Москва. Лубянка.
Полковник Воронин принял решение прикрепить к Диане Эль Хажж вместо прежнего куратора сотрудницу госбезопасности капитана Артамонову и вызвал её к себе. Принял во внимание жалобы старлея Портного, что ему очень трудно связаться с девушкой из-за возможных проблем у агента с ревнивым мужем, приходится звонить по несколько раз, пока она лично не подойдет к телефону. И учел тот факт, что агентом интересуется лично зампред Комитета. Значит, и куратор должен иметь звание повыше и опыта побольше… Начальство всегда такие моменты учитывает, в том числе и с точки зрения уважения к себе… Да и от претензий Вавилова, если возникнут, легче будет отбиваться — вот они, его конкретные шаги, в случае вопросов — учитывая ценность агента в глазах руководства, назначил более серьезного куратора…

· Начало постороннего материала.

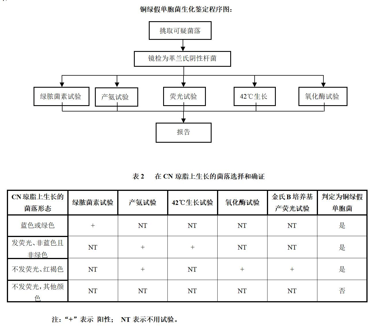 三)銅綠假單胞菌的生化鑒定程序(見下圖)和生化鑒定特征(見表2)

— Разрешите, товарищ полковник? — заглянула к нему в кабинет стройная девушка лет двадцати восьми, выше среднего роста, длинные тёмно-русые волосы убраны в косу. — Вызывали?
— Заходи, Артамонова. Вот твой новый подопечный, — положил он перед ней личное дело агента «Скворца». — Внимательно ознакомься с рекомендациями Левина.
Капитан взяла папку и некоторое время изучала. На лице её сначала отразилось недоумение, а затем и обида.
— Павел Евгеньевич, из неё агент, как из меня балерина, — наконец произнесла она. — Только время на неё тратить.
— Ничего, Артамонова, потратишь. Это дело на контроле у Вавилова. Нам сказали «надо», мы что ответили?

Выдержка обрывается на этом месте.